**Exercise prompt:** Working from the start of the listing, please write out exactly the lines through the one that holds "Karusellen kan brukes", both included, and omit all pictures.

──────── Task input

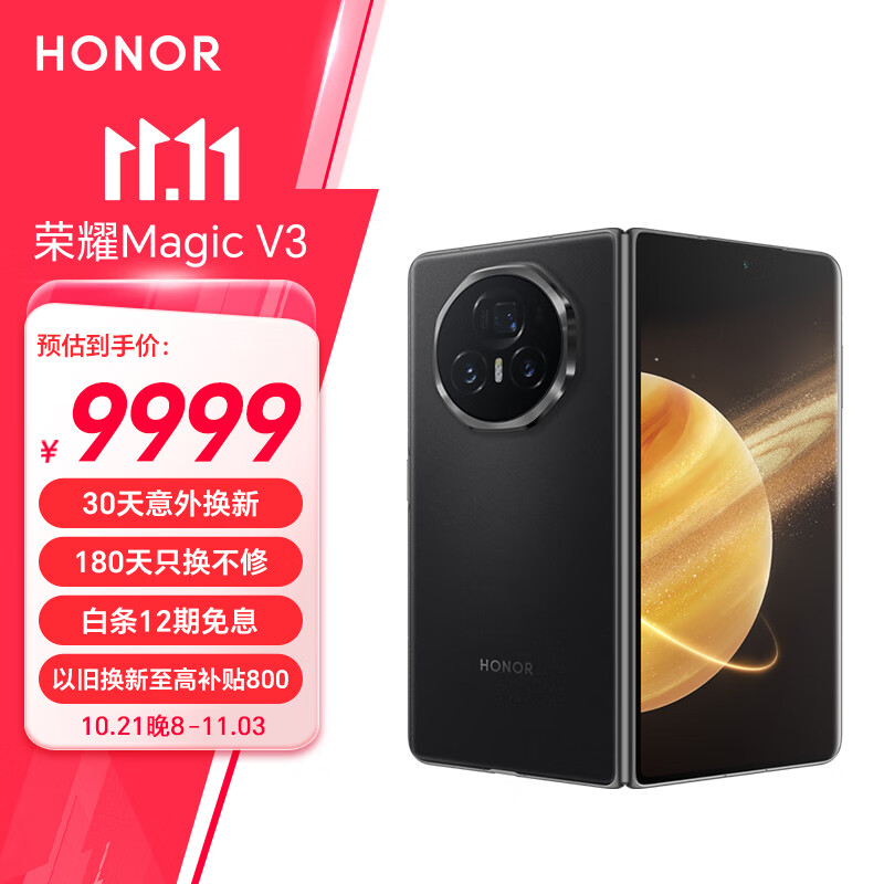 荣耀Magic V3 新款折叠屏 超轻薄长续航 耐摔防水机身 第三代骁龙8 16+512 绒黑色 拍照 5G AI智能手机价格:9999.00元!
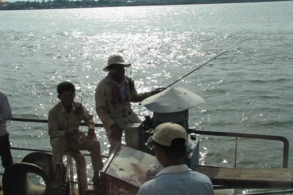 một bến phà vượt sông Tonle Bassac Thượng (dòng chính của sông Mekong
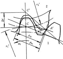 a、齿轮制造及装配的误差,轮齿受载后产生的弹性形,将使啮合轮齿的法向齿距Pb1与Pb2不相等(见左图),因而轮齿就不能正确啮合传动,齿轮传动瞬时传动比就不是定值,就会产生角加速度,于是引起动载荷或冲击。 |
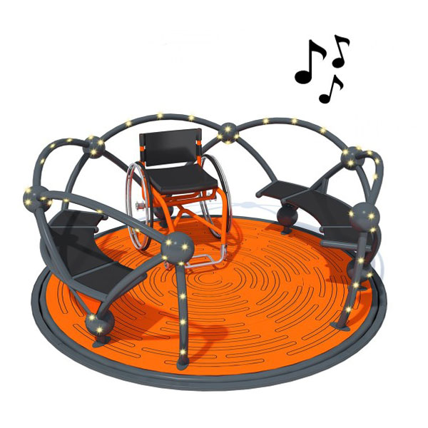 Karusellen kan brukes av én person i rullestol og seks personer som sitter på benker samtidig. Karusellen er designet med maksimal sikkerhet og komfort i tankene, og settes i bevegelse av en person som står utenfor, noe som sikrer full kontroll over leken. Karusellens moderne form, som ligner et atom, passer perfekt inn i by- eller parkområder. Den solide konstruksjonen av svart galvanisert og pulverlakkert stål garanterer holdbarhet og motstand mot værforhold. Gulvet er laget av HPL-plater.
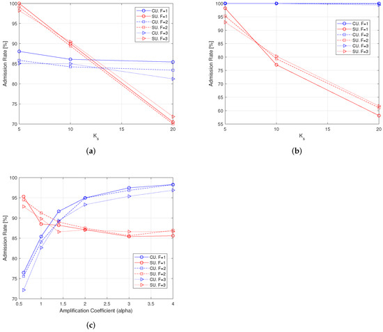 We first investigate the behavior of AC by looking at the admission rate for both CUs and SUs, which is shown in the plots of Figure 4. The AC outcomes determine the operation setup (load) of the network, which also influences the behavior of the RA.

────────────────

**Exercise solution:**
 荣耀Magic V3 新款折叠屏 超轻薄长续航 耐摔防水机身 第三代骁龙8 16+512 绒黑色 拍照 5G AI智能手机价格:9999.00元!
 một bến phà vượt sông Tonle Bassac Thượng (dòng chính của sông Mekong
 a、齿轮制造及装配的误差,轮齿受载后产生的弹性形,将使啮合轮齿的法向齿距Pb1与Pb2不相等(见左图),因而轮齿就不能正确啮合传动,齿轮传动瞬时传动比就不是定值,就会产生角加速度,于是引起动载荷或冲击。 |
 Karusellen kan brukes av én person i rullestol og seks personer som sitter på benker samtidig. Karusellen er designet med maksimal sikkerhet og komfort i tankene, og settes i bevegelse av en person som står utenfor, noe som sikrer full kontroll over leken. Karusellens moderne form, som ligner et atom, passer perfekt inn i by- eller parkområder. Den solide konstruksjonen av svart galvanisert og pulverlakkert stål garanterer holdbarhet og motstand mot værforhold. Gulvet er laget av HPL-plater.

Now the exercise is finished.